Raimundinho, como de resto por ali, todos sabem que a caminho do enterro tem que rolar uma pinga para os carregadores do caixão. Tá danado! Raimundinho não tem um níquel! Mas como a solidariedade ali aflora “na hora da morte”, então a pinga aparece no abafado. Para enterrar a defunta, tem duas opções naquele meio de mundo. Cemitério de São Sebastião ou Cemitério de Santa Rosa. Vai para o Santa Rosa, depois de Nova Aurora, depois de Sertãozinho, depois de Curvão, Belas águas, São Benedito, Estrada Real. O improvisado caixão é içado em duas cordas de rede e pendurado no varal que dois homens carregam nos ombros, em revezamento. No caminho, é aquele falatório, gente suada e sem camisa e pinga rolando. Na bebedeira, uns desatinados dão o grito: “cerca lá, ôh...” O outro responde “Cerca lá, mãe das almas”. Vendo a gritaria, Apolônio de Filipão interfere: Gente, isto aqui é um intêrro, vamos arrispeitá. A gritaria se sucede e o litro de pinga vai secando.

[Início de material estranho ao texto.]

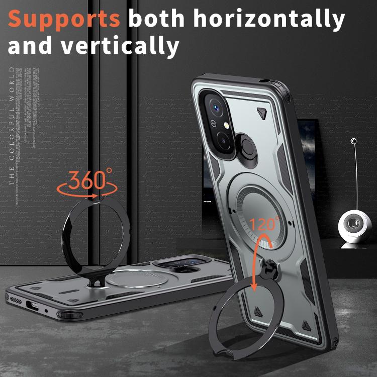 Funda híbrida de TPU con soporte de anillo MagSafe para Redmi 12C 4G (gris)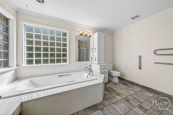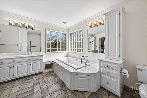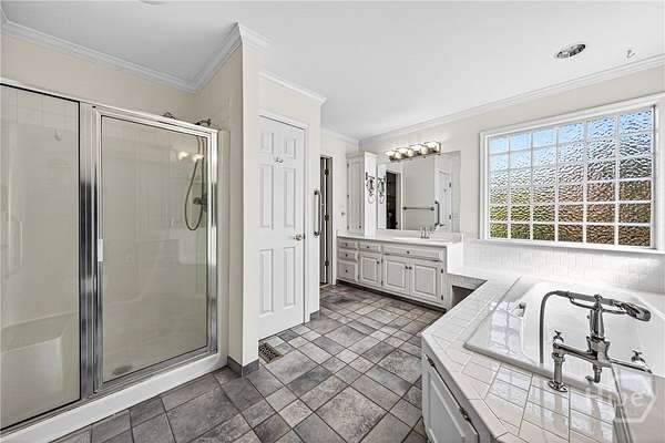 - Bathtub, Breakfast Area, Breakfast Bar, Main Level Primary, Separate Shower, Tray Ceiling(s), Vanity, Vaulted Ceiling(s)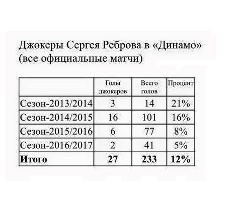 Всего джокеры Реброва забили 27 голов, при этом почти половина из них в активе Лукаша Теодорчика (7) и Олега Гусева (6). В этом сезоне замены Динамо принесли всего два мяча: в поединке со Сталью в чемпионате отличился Денис Гармаш, а во встрече с Бешикташем в Лиге чемпионов - Виктор Цыганков. Обратите внимание, что ни одного гола не смогли забить вышедшие на поле по ходу игры нападающие. Ни одного! А выходов этих было 17 в 23-х поединках...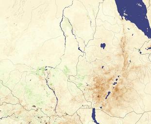 | Keywords: Drought in Ethiopia, Natural Hazards DVIDS833583.jpg en After a record harvest in October 2007 Ethiopia settled into a drought Little rain fell during the October and November rainy season and rainfall was predicted to be below normal in the March-to-May rainy season as well said the Famine Early Warning System Network <p>The impact of the poor rainfall is evident in this vegetation image made with data collected by the Moderate Resolution Imaging Spectroradiometer modis gsfc nasa gov MODIS on NASA's terra nasa gov/ Terra satellite between March 5 and March 20 2008 Areas where vegetation was less healthy or more sparse than average are brown average growth is cream-colored and better-than-average growth is green An arc of brown stretches across central Ethiopia roughly following the chain of lakes that line the Great Rift Valley </p> <p> Ethiopia's economy is dominated by agriculture; eighty percent of total employment in the country of about 76 5 million people is in agriculture Food security and famine are recurring problems In parts of southern Ethiopia the present drought has extended through three rainy seasons In these areas the poor rainfall could lead to widespread extreme food insecurity the Famine Early Warning System Network warned In early March the United Nations requested four million dollars to provide aid to more than one million people in Ethiopia reported Reuters </p> <ul><li>Famine Early Warning System Network 2008 http //www fews net/pages/country aspx gb et l en Ethiopia U S Agency for International Development Accessed April 4 2008 </li> <li>Reuters 2008 March 5 africa reuters com/top/news/usnBAN551308 html UN calls for million to fight Ethiopia drought Accessed April 4 2008 </li> <li>U S Central Intelligence Agency 2008 https //www cia gov/library/publications/the-world-factbook/geos/et html Ethiopia <cite>The World Factbook </cite> Accessed April 7 2008 </li> </ul><p>NASA image created by Jesse Allen Earth Observatory using data provided by Inbal Reshef www pecad fas usda gov/glam cfm Global Agricultural Monitoring Project Caption by Holli Riebeek </p> NASA Identifier ethiopiandvia_tmo_2008065 <br>Unit NASA 2011-08-03 Glenn Research Center https //www dvidshub net/image/833583/drought-ethiopia-natural-hazards 833583 2013-02-08 03 12 WASHINGTON D C US PD-USGov United States Agency for International Development Images from DoD uploaded by Fæ |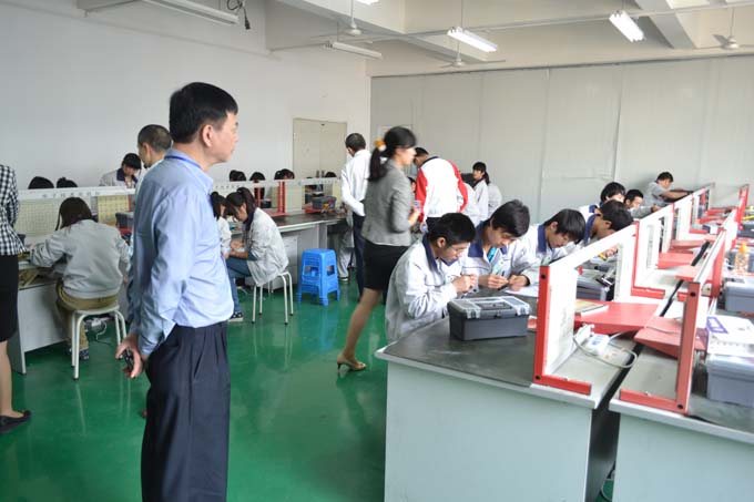 (圖二)黎海波校長一行正在參觀成都市技師學院電子實訓室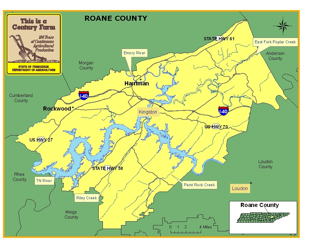Roane County was established in 1801 and named in honor of the second governor of Tennessee, Archibald Roane. The town of Kingston serves as the county seat. The county’s location at the juncture of the Tennessee, Clinch, and Emory rivers made the area vitally important for both white settlers and Native Americans in the early years of Tennessee’s history. Another notable town in the county is Harriman. During the 1890s, Harriman was established by industrialists who were strict prohibitionists. These prohibitionists implemented their beliefs by making every contract or deed sold stipulate a provision forbidding the use, making, storage or selling of intoxicating beverages. For more information regarding Roane County, please go to the Tennessee Encyclopedia of History & Culture website.
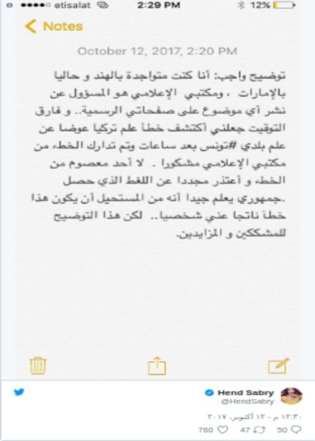 وحرصت هند على توضيح الأمر ونشرت عبر حسابها في موقع "تويتر" صورة كتابية اعتذرت فيها عما حدث وأوضحت ملابسات الخطأ الذي وقعت فيه.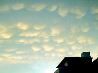 中國臺灣網7月21日消息 據臺灣《聯合報》報道,澎湖上空前天傍晚出現“乳房狀云”,一個個罩杯形狀的云朵掛在天空,人人稱奇。氣象站主任許天生說,可能是“莫拉菲”臺風過后,下降氣流遇冷空氣凝結,又有暖氣流往上升,冷暖空氣相遇強烈波動凝結成的沉積云。(云鵬)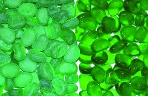 Also known as recycled glass, tumbled glass, and glass mulch, these pebbles have are smooth and tumbled. Sold dry, they darken and become even more striking when wet.

- Agora são “quatro e pouca” da tarde. Estão todos no cemitério de Santa Rosa, quase dentro do mato. No improviso e no suor cavam a “cova”, eis que para isso já levaram facão, sacho enxada e “patacho”. E Raimundinho ali, desolado, monossilábico, cenho fechado, nem teve tempo de chorar. É linha de frente para tudo. Ele, sabe que, como filho, é quem “puxa o cordão”, quem toma a linha de frente. A tarde vai escurecendo e as pessoas estão voltando, exaustos, de pés no chão. E, no vapor da pinga, escurecendo, uns ainda se arremetem: “Cerca lá ôôôh...” Outros respondem: “cerca lá mãe das almas”. E Apolonho de Filipão sacode a cabeça e resmunga: “Tem jeito, não”. Daqui a sete dias tem “via sacra” que ali se diz “via-sáca”, uma reza esticada, chorosa e cantada. E nesta uma mesa que serve aos rezadores, sob a qual um prato de água que é “para o isprito da morta”. Tantos anos depois, as pessoas ainda dizem: “Moreu Ozebinha, mas ficou o nome na história”.